The World Socialist Movement offers just that promise. Socialism has unfortunately been presented as a system not of abundance but of scarcity, as a system not of increased leisure and comfort, but of unusual sacrifice and back-breaking toil. The transformation of capitalist property into common property, however, will create social well-being. This is the goal of the Socialist Party. The anarchic production of capitalism which only knows how to engender the poverty will be replaced by planned production, calculated according to the needs that are to be satisfied. New and improved technology, no longer serving to enrich a few individuals, will increase the means of leisure and enjoyment of all members of society. Capitalism has only known how to cause humanity misery.

 In capitalism, exploitation is hidden behind a veil. In, say, feudalism, exploitation was transparently a matter of give-and-take (the peasants gave, the lords took.). But in capitalism it appears that everyone is equal and free. Each worker is free to work for a particular employer or not, free to live his or her own private life. But the world of the ‘free’ labour market is not the place where exploitation happens: exploitation occurs in the ‘private property’ of the capitalist, in: the – workplace, where it is hidden behind: the illusion of ‘a fair day’s work for a fair day’s pay’. Employers enter ‘fair and free’ contracts with workers, and end up with their wealth expanded; while workers end up no better off at the end of the process than at the beginning. The everyday procedures of capitalism disguise and mystify the realities of exploitation.

Similarly with the state.
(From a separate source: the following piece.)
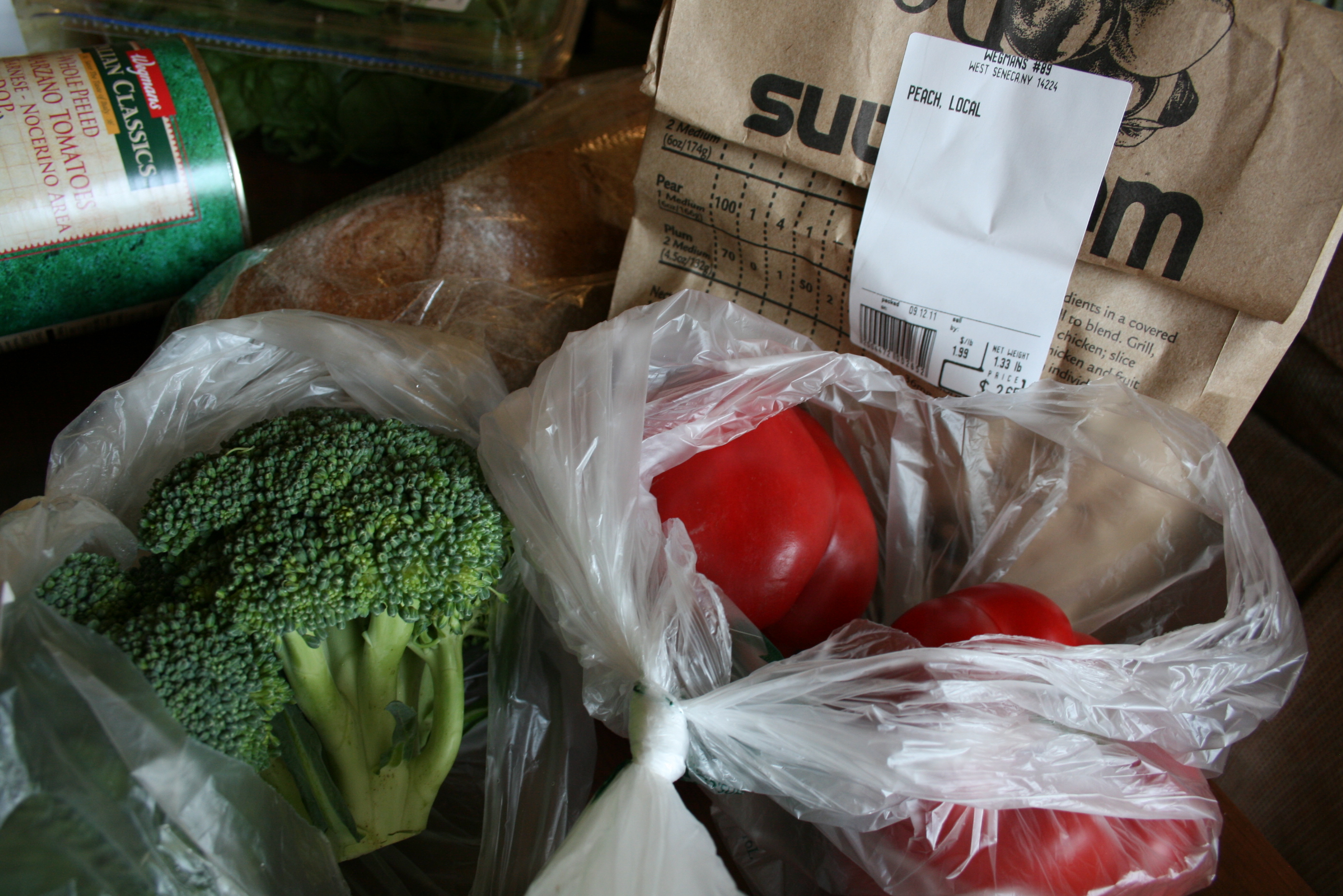 Local broccoli (does it not look amazing?!), red bell peppers and peaches. I bought the broccoli and peaches from the same farms (at Wegmans) last week and was SO IMPRESSED with both of them.

The prevailing misconception is it is not constructed around the fundamental antagonisms of capitalist exploitation, as an agency of open class oppression but appears as the state of the ‘citizens’, of the individual free agents of the labour market, who appear to be equal. The state relates to these ‘free and equal’ individuals, and reinforces these relations of freedom’ and ‘equality’. The state does not relate to us as members of classes, indeed it does not recognise classes. Rather, it treats us as fragmented, individual roles: as ‘voters’, ‘taxpayers’, ‘consumers’, etc. All the procedures the state lays down for dealing with us, and for meeting some of our needs and problems, atomise us and conceal the class character of our needs and problems. The welfare state appears as ‘our’ welfare state. All too often, the experience workers have with welfare agencies is of a set of authoritarian, alien institutions, where they are bossed around, spied and checked on, insulted and demeaned, in return for needed but meagre benefits. A high price is demanded for the state’s miserable provision of needs.
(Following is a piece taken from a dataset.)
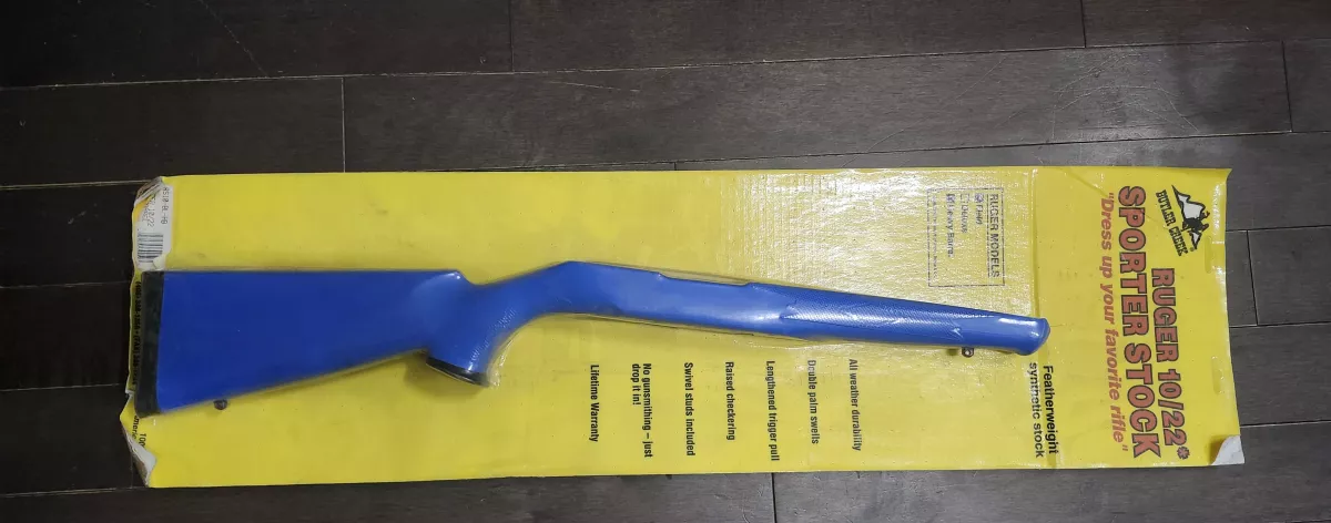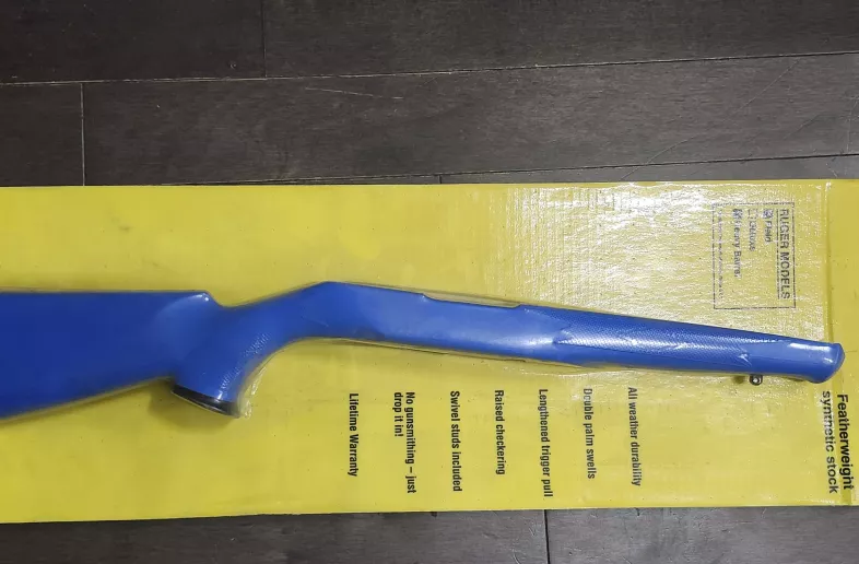 I have a brand new in package ruger 10/22 stock in blue, lighter than wood, and you don't have to worry about scratching up your nice wood stock

We are gambling with the future so that profits can continue to be made in a system incapable of meeting its minimum responsibilities to humans and to nature. A grim future will give the world drowned coastal cities, parched crops, millions of refugees and failing ecosystems. These very real and very large long-term disasters are looming on our horizon. Nobody really knows what would remain of civilization, as we know it. The suffering we’re witnessing because of loss of land, culture, ways of life, and identity in many regions of the world may portend what is to come for all of us. Now is the time to come together and decide how we will respond. Let’s make sure it’s the best humanity has to offer. With time short and the clock ticking down, the pressure is growing to declare a visionary change in the process. But, we can’t blame the politicians for everything. We are responsible too! We are either unaware, indifferent, or we do not want to step out of line to do anything about, or protest the goings-on around us, while we continue to destroy life on the planet. We are therefore complicit in its destruction. We must realise the larger effects of our acquiescence to short term political decisions. We must stand up for our planet. We must make our voices heard in whatever forum we can. Everything is connected. Everything is interdependent. If the market economy cannot solve the climate crisis, it is the economy that will give way. We must unite behind world socialism that will actually work in the real world to preserve the planet’s life support systems as well as the best of what we enjoy as modern humans.